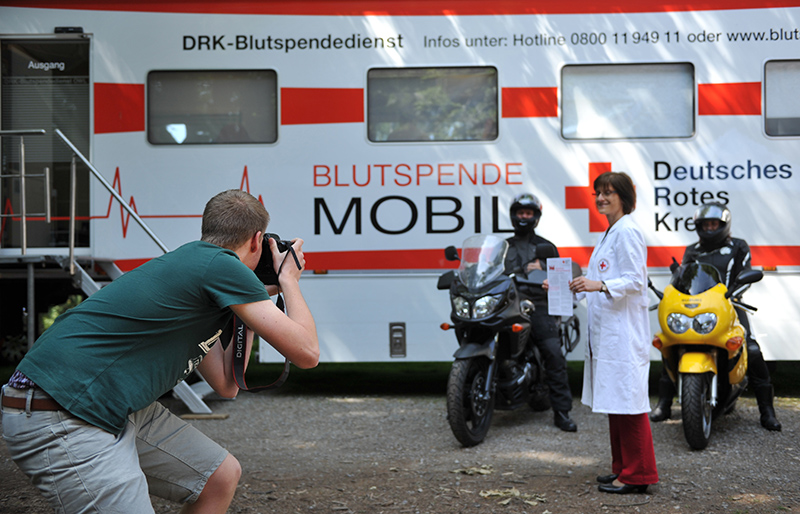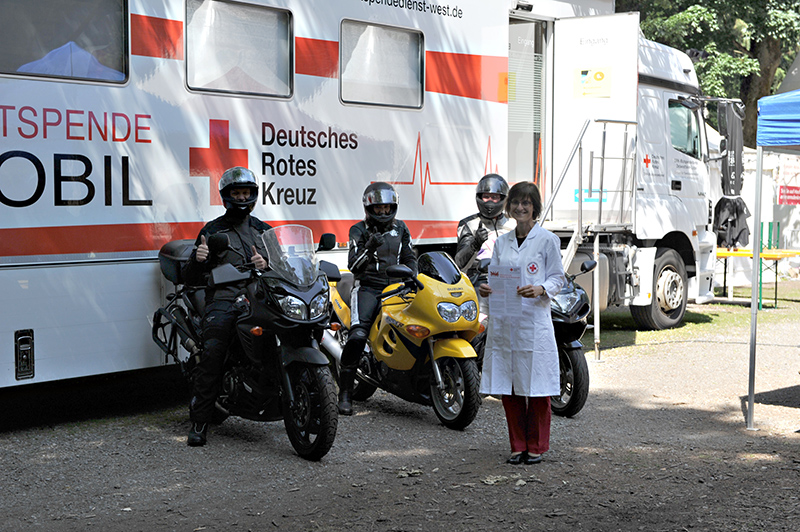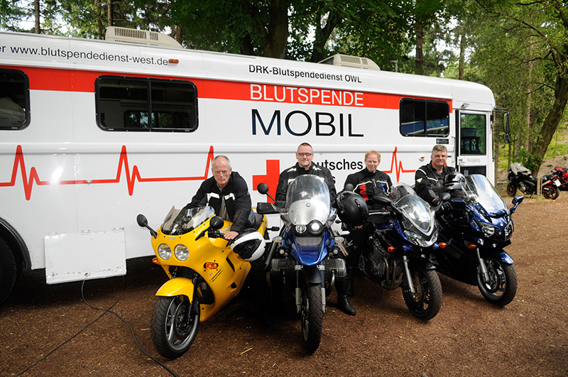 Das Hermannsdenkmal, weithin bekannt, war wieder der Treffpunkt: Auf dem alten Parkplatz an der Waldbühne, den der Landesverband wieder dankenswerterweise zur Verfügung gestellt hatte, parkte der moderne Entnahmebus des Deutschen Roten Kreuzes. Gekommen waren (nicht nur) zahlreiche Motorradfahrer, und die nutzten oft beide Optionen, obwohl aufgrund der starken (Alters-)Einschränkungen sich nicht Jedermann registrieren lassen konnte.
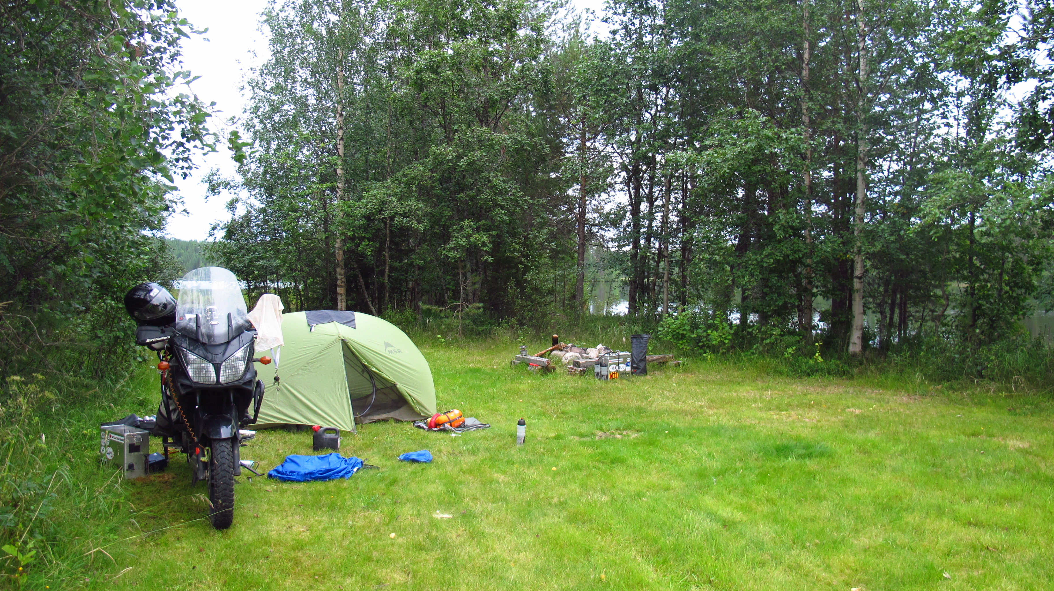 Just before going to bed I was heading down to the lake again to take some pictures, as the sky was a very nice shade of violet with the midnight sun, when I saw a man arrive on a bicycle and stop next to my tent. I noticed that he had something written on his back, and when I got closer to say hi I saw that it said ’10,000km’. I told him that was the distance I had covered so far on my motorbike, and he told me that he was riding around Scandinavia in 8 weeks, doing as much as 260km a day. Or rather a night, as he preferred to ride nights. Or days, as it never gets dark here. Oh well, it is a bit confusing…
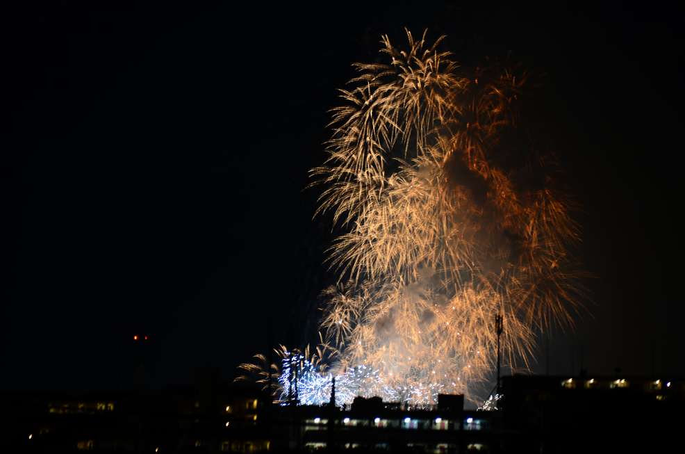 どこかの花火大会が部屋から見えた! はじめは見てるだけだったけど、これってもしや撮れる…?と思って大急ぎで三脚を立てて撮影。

[What this task involves] Put each line of the listing above into the copy exactly, dropping the pictures.

[The completed task]
 Das Hermannsdenkmal, weithin bekannt, war wieder der Treffpunkt: Auf dem alten Parkplatz an der Waldbühne, den der Landesverband wieder dankenswerterweise zur Verfügung gestellt hatte, parkte der moderne Entnahmebus des Deutschen Roten Kreuzes. Gekommen waren (nicht nur) zahlreiche Motorradfahrer, und die nutzten oft beide Optionen, obwohl aufgrund der starken (Alters-)Einschränkungen sich nicht Jedermann registrieren lassen konnte.
 Just before going to bed I was heading down to the lake again to take some pictures, as the sky was a very nice shade of violet with the midnight sun, when I saw a man arrive on a bicycle and stop next to my tent. I noticed that he had something written on his back, and when I got closer to say hi I saw that it said ’10,000km’. I told him that was the distance I had covered so far on my motorbike, and he told me that he was riding around Scandinavia in 8 weeks, doing as much as 260km a day. Or rather a night, as he preferred to ride nights. Or days, as it never gets dark here. Oh well, it is a bit confusing…
 どこかの花火大会が部屋から見えた! はじめは見てるだけだったけど、これってもしや撮れる…?と思って大急ぎで三脚を立てて撮影。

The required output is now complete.